We learn in time to do things one handed for ourselves like fastening a bra, buttoning a shirt, or zipper up a jacket and for some guys even tie our shoes... Where would we be without a Reacher, I use a long one and a short one at home and in my car so now I would be lost without one near me...

 

We still have to eat and feed ourselves in many cases so we learn to do that with ease most of the times with one hand... So living in a two handed world while using one hand is not all bad when we put our minds to it... I have learned to dress and undress myself in the last eleven years with ease... Now I do have my pinky finger that want to curl up and my index finger that sticks straight out and I can still use both of them pretty easily...

 

Just the left arm is hard to use so I exercise it all day and every night before I go to sleep... Then in the morning I ride my exercise bike which gives my arms, hands, and lower body exercise which is needed when I'm driving my vehicle...

 

I feel I have come a long way in my recovery from the stroke then lately a knee operation to tie the tendons back to the muscles in my right knee and thigh all the while my left side remains paralyzed... As I think about that and I'm home alone most of the day each week I feel pretty blessed to do all I do for myself...

 

I have a lady for two hours each day except weekends to come in and help me do things I can't do one handed yet... Then I got my little dog right by my feet all day until her little owner comes in from school then she goes to be by her side even while she does her school home work.... You would think the dog understands everything because she lays right there looking in the book my grand daughter has open up...

 

Then of course I have the TV, my computer, and my cell phone so never a dull moment here alone most of the day.
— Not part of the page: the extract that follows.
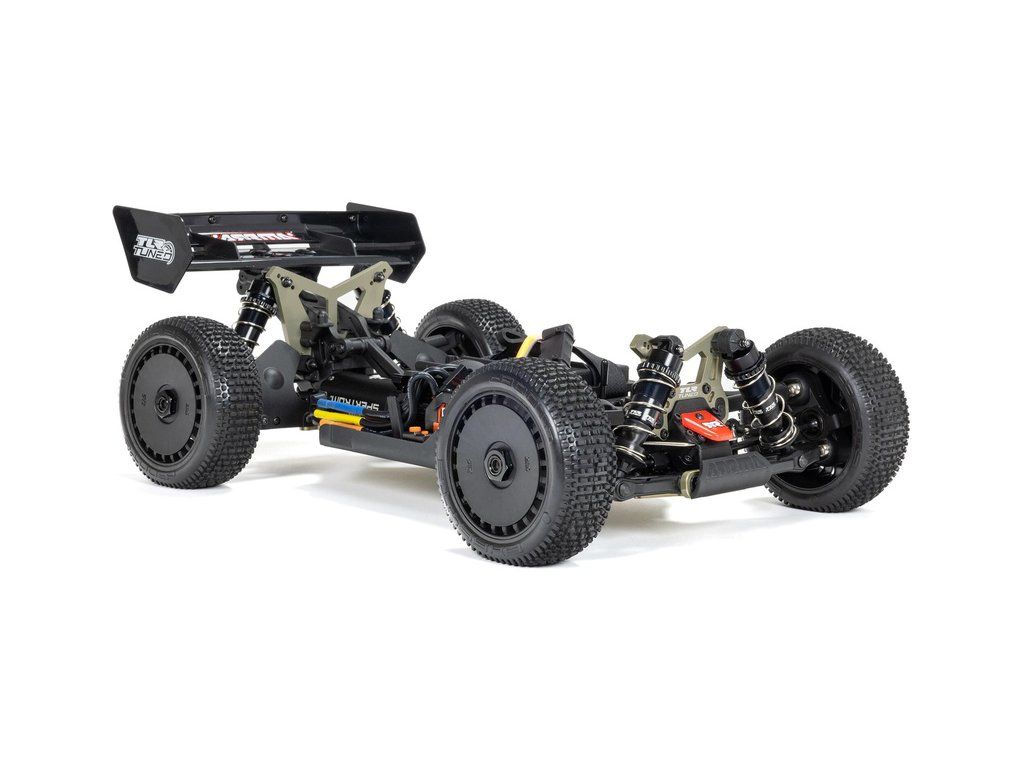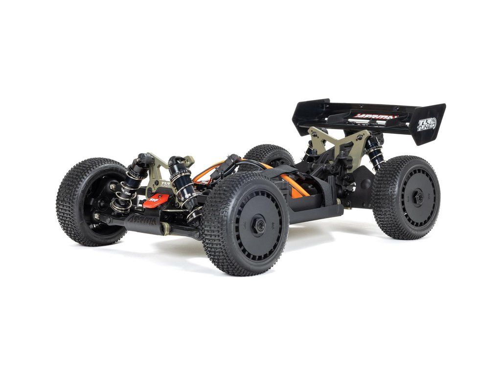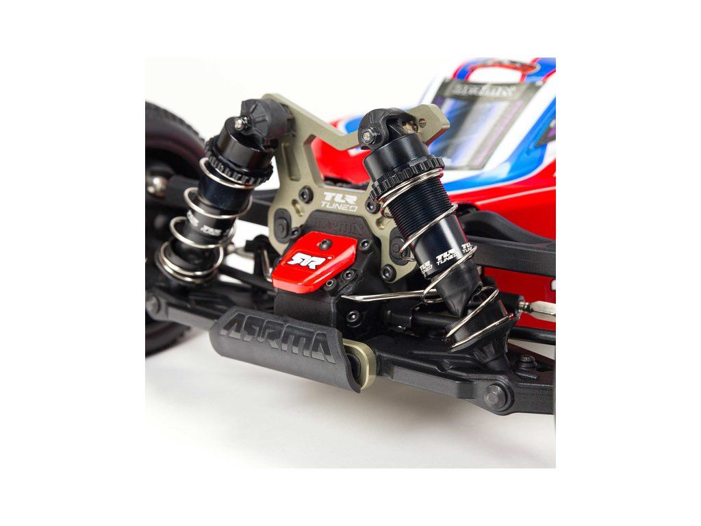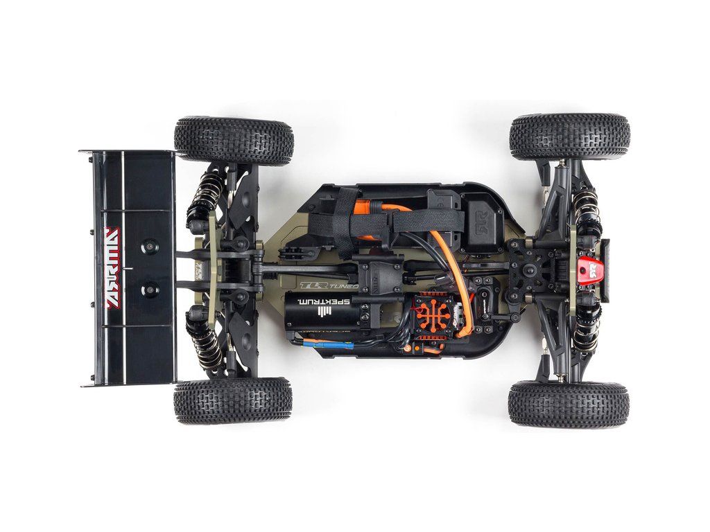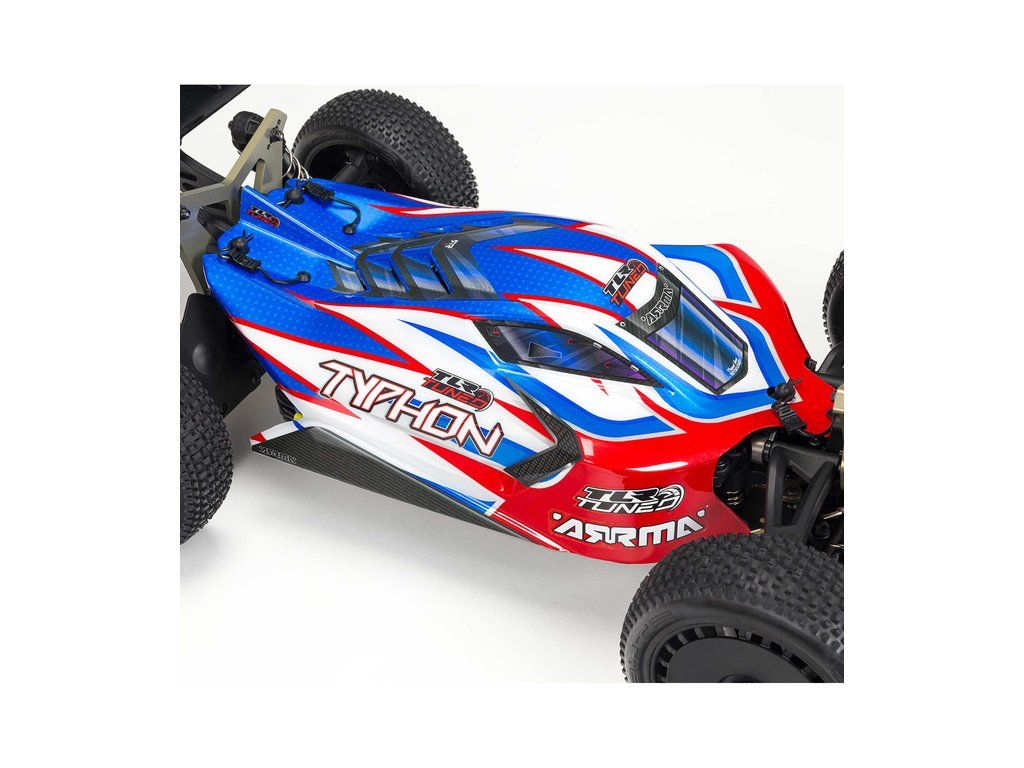 Závodní RC model auta Buggy ARRMA TLR Tuned TYPHON 4WD v měřítku 1:8 je vybaven špičkovými díly pro lepší pevnost, ovladatelnost a dlouhou životnost při soutěžním závoděním. Nainstalovány jsou výkonné komponenty pohonu Spektrum Firma a RC souprava Spektrum 2.4GHz SLT3.

I just wonder how many of you all that read this Blog handle your days????? Do we have anything in common for daily routines?? In case we do let me know your routine?? The dog and I get on my scooter and go across the street to get the mail and sometimes we ride to the end of our street to give her some exercise... At times we even go to the neighborhood corner store to buy a lottery ticket or two... They let me bring her inside the store but she stays on my scooter not running all over the store...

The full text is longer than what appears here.